India’s Rupee Snaps 3-Day Gain as Importers Seen Buying DollarsJeanette Rodrigues
India’s rupee snapped a three-day gain on speculation local importers are stepping up dollar purchases to pay month-end bills.
Demand for the greenback is to settle obligations, analysts at Edelweiss Financial Advisors Ltd., including Mumbai-based Vinay Khattar, wrote in a research report today. Steadying the currency has become the priority for monetary policy and more steps are needed to curb the nation’s current-account deficit, the Reserve Bank of India said in an economic review today.
The rupee declined 0.6 percent to 59.4175 per dollar in Mumbai, after strengthening 0.5 percent last week, prices from local banks compiled by Bloomberg show. The currency has lost 7.5 percent this year, the worst performance in Asia after Japan’s yen, and touched a record low 61.2125 on July 8.
The RBI, which reviews its benchmark repurchase rate tomorrow at a meeting, has raised two interest rates, restricted lenders’ access to funds and curbed trades in currency derivatives to support the currency.
“We expect the RBI to reinforce that recent liquidity tightening was to shore up the rupee, rather than cool the economy,” which is growing at the slowest pace in a decade, said Vishnu Varathan, an economist at Mizuho Bank Ltd. in Singapore.
The RBI will keep its benchmark repurchase rate at 7.25 percent tomorrow, according to 31 of 32 economists surveyed by Bloomberg.
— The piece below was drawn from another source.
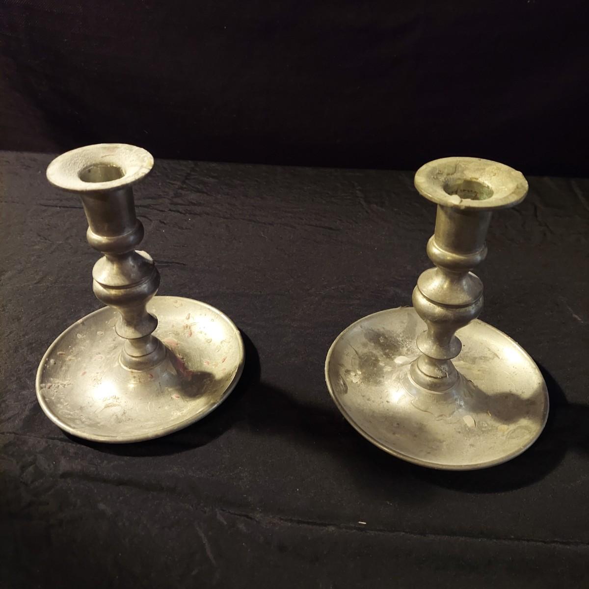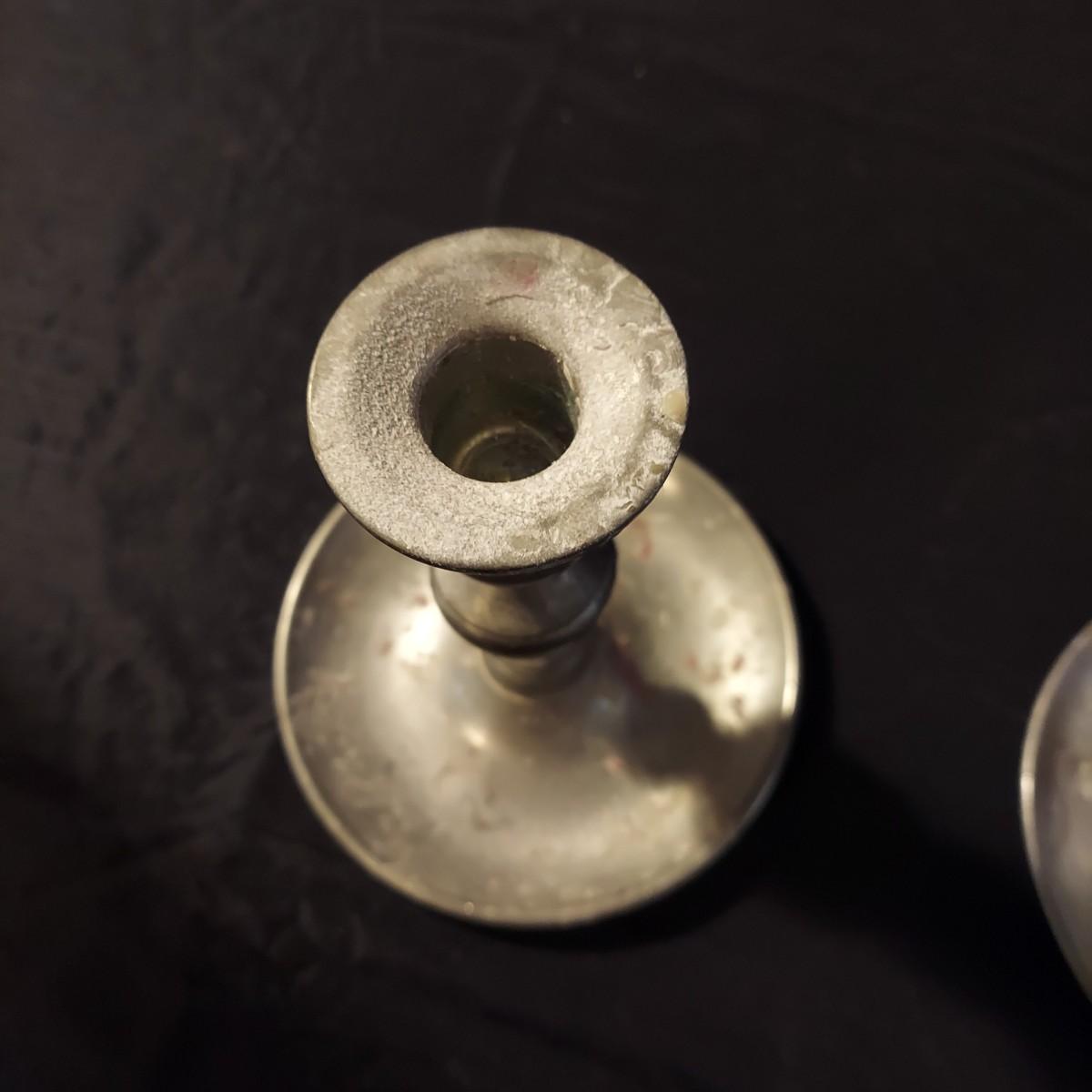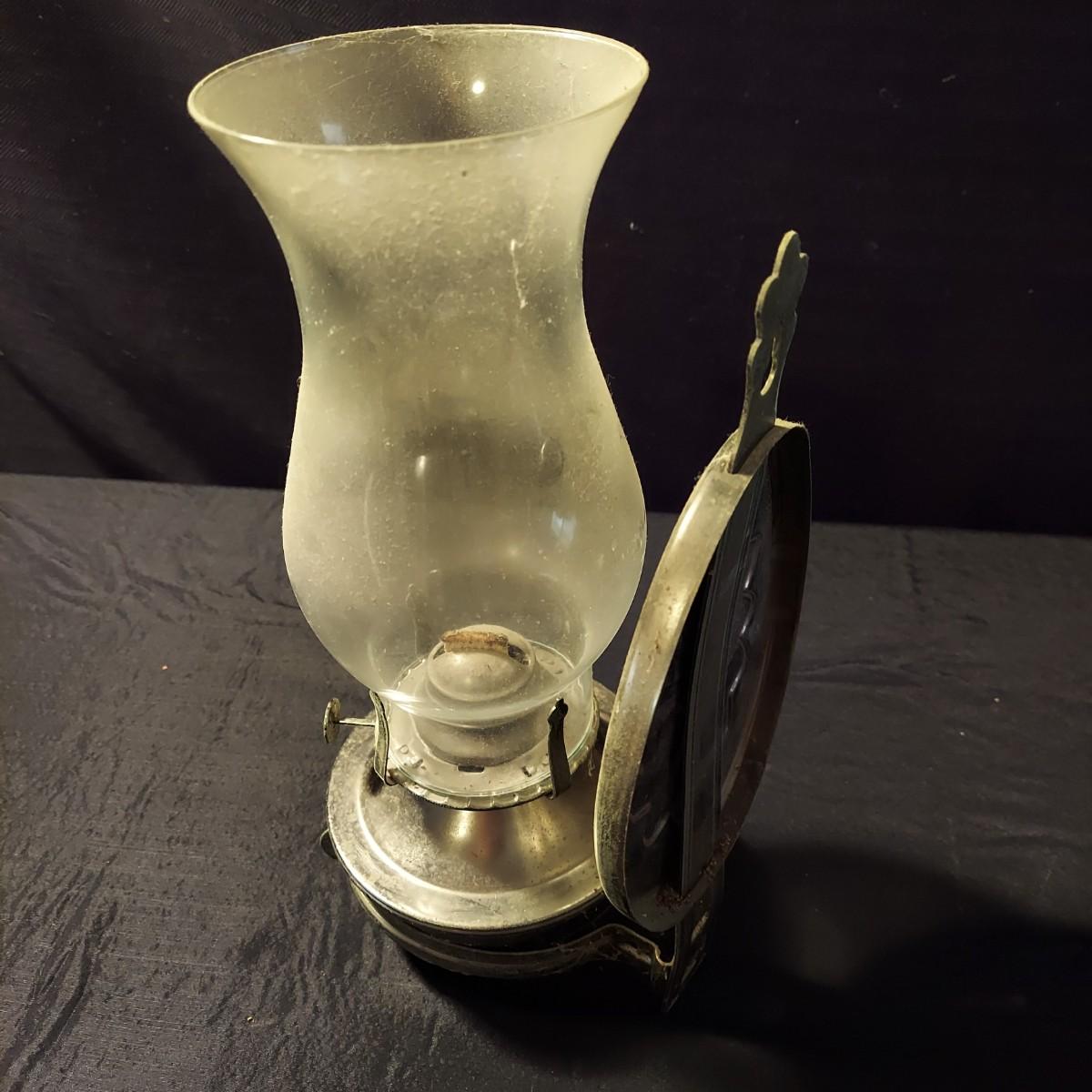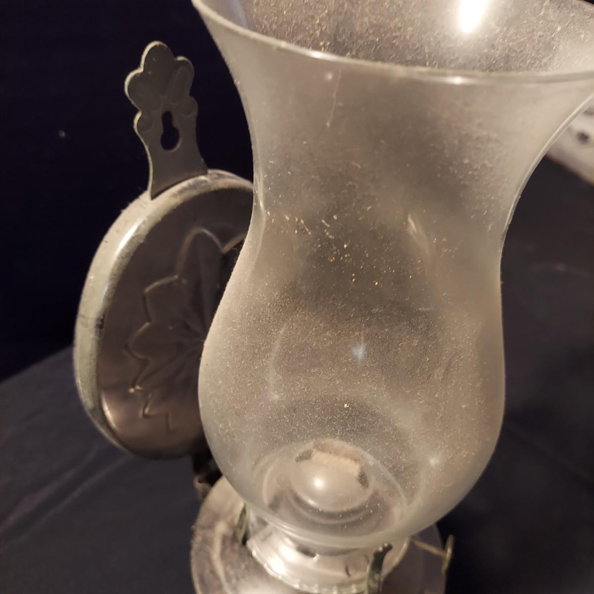 Lot includes a metal, possibly aluminum, oil lamp by Aladdin Lamp Co that measures 6"D x 19"H. With wall mount oil lamp, two extra mantle wicks, an unopened box of lamp oil and two metal candle holders. Please see photos for details. Shipping available

One-month implied volatility, a measure of expected moves in the exchange rate used to price options, rose eight basis points, or 0.08 percentage point, to 11.77 percent. India’s current-account gap widened to an unprecedented 4.8 percent of gross domestic product in the year ended March 31, official data show.
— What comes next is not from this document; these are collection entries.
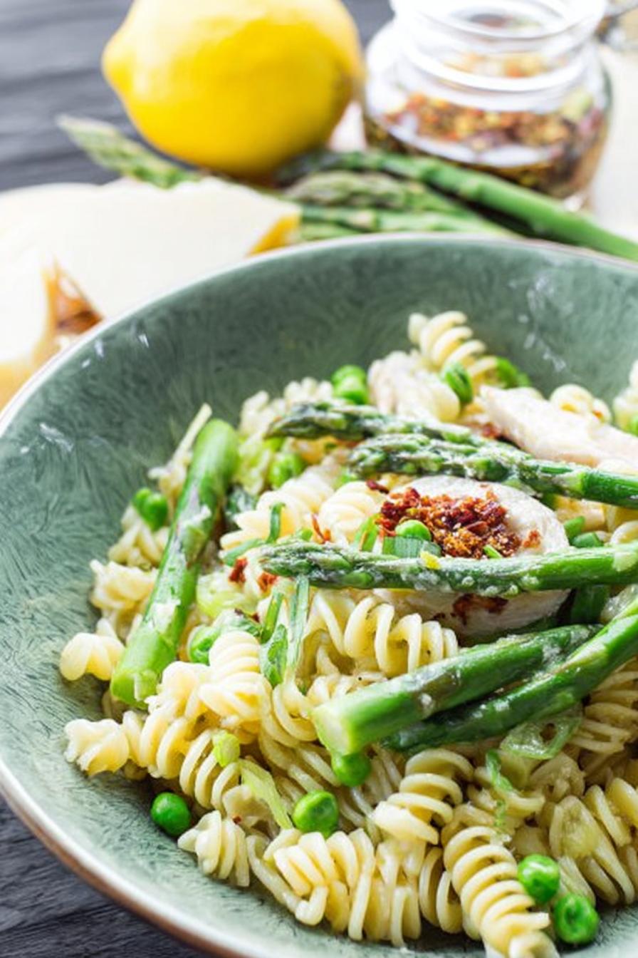 Massa cozida até ponto firme, legumes na medida certa pra manter crocância, molho cremoso com toque cítrico e leve picância, equilibrando texturas e sabores. Aspargos ganham brilho e cor vibrante, ervilhas entram para doçura natural. Molho feito na panela, misturando manteiga, alho, caldo vegetal, amido de milho, creme fresco, limão e pimenta vermelha, dando corpo e acidez que corta gordura. Finaliza com frango grelhado e parmesão ralado na hora, trazendo salinidade e sabor umami. Fácil e rápido para almoço esperto, sem segredo, com espaço pra variações na proteína ou cremes alternativos. Aprende a sentir ponto do molho e cozimento da massa pelo toque.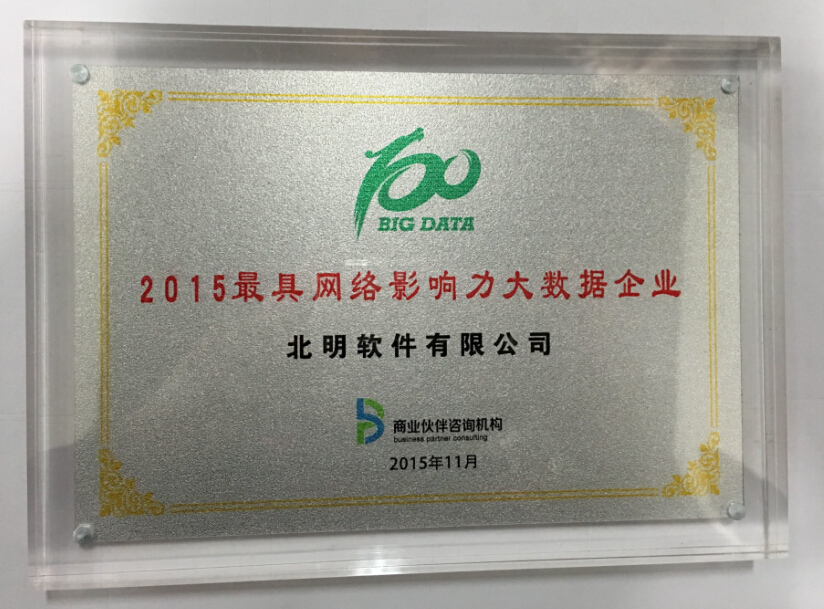 2015年11月25日,由国内IT商务合作第一平台“商业伙伴咨询机构”主办的“2015中国大数据生态系统峰会”在北京隆重举办。北明软件有限公司(以下简称“北明软件”)作为大数据服务提供商被授予“2015优秀大数据应用服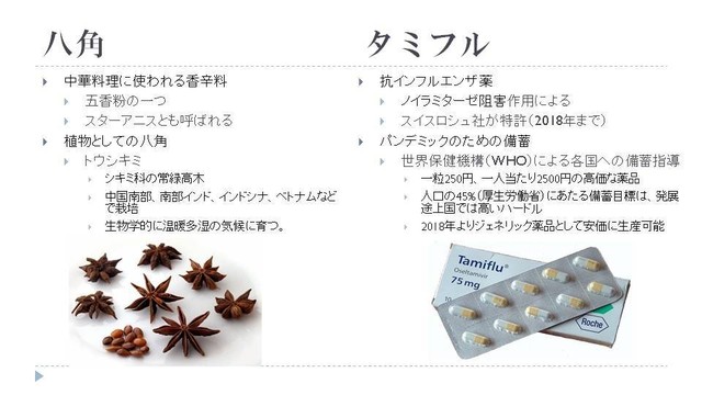 タミフルは現在スイスの製薬会社ロシュが特許を持つため大変高価な薬となっています。しかし、2018年にはこの特許も切れ、とある高度な技術力を持つ日本の製薬会社はジェネリック薬としてより安価に生産、販売する予定です。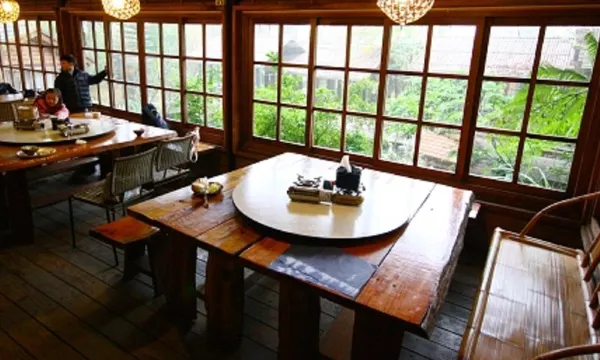 车行不久在绕过路旁大石后即可回转入浓密芭蕉叶掩映下的小径,忽见以竹材、茅草搭建的门户,大红灯笼高高挂,却似早期的台湾农家;更宛若陶渊明笔下的的桃花村豁然映入眼前。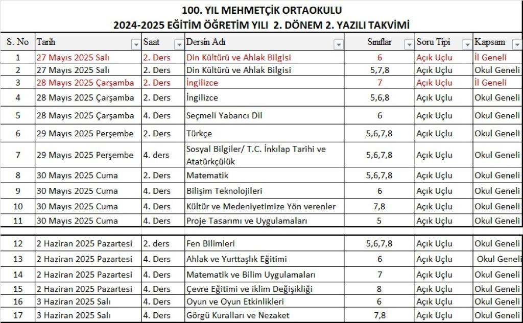 Gelişim Takip Değerlendirme Uygulama Takvimi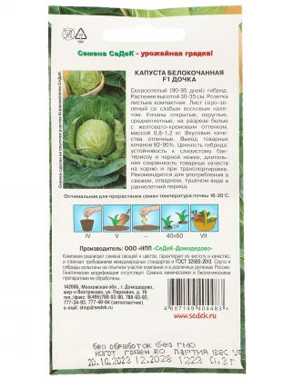 Часто спрашивают: «Как использовать эти семена?» — просто: посейте в подготовленную почву, и уже через два месяца вы получите свежую, сочную капусту для салатов, тушения и заготовок. В отличие от аналогичных сортов, «Дочка F1» не требует сложного ухода, устойчива к перепадам температуры и подходит даже для начинающих огородников. Цветная упаковка защищает семена от света и сохраняет всхожесть, что важно для долгого хранения.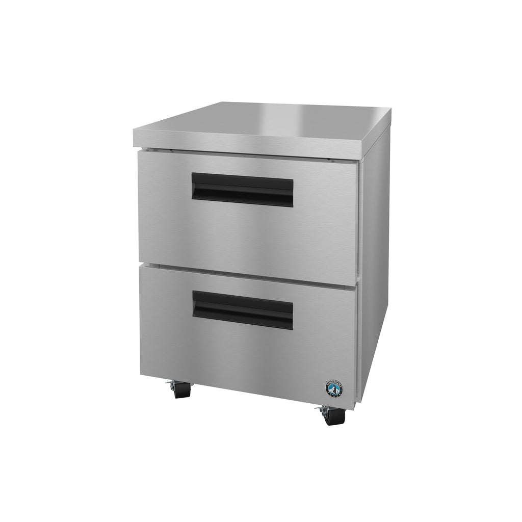 Streamline food preparation with the Hoshizaki UR27B-D2 27" undercounter refrigerator. Featuring a spacious stainless steel work surface for slicing, dicing, assembling, and mixing, this heavy-duty unit is made to simplify prep and cold storage. It's designed without a backsplash, so it can conveniently fit underneath a counter in your workstation without taking up extra space.

The recent “liquidity tightening measures” provide “at best some breathing time,” the RBI said, making it important to push through structural reforms to improve investor confidence.
Global funds have cut holdings of Indian debt by $8.9 billion since May 22, when the Federal Reserve signaled it could curb asset purchases that have boosted demand for emerging-market assets. The Federal Open Market Committee convenes July 30-31.
The International Monetary Fund said last week that exiting from the quantitative easing program could spur excessive interest-rate volatility and have “adverse global implications.” The Fed will start trimming bond purchases in September, according to a Bloomberg survey of economists, while Chairman Ben S. Bernanke has said it’s “way too early to make any judgment” as to whether policy makers will start tapering in September.
Three-month onshore rupee forwards fell 0.6 percent to 60.82 per dollar, data compiled by Bloomberg show. Offshore non-deliverable contracts dropped 0.5 percent to 60.60. Forwards are agreements to buy or sell assets at a set price and date. Non-deliverable contracts are settled in dollars.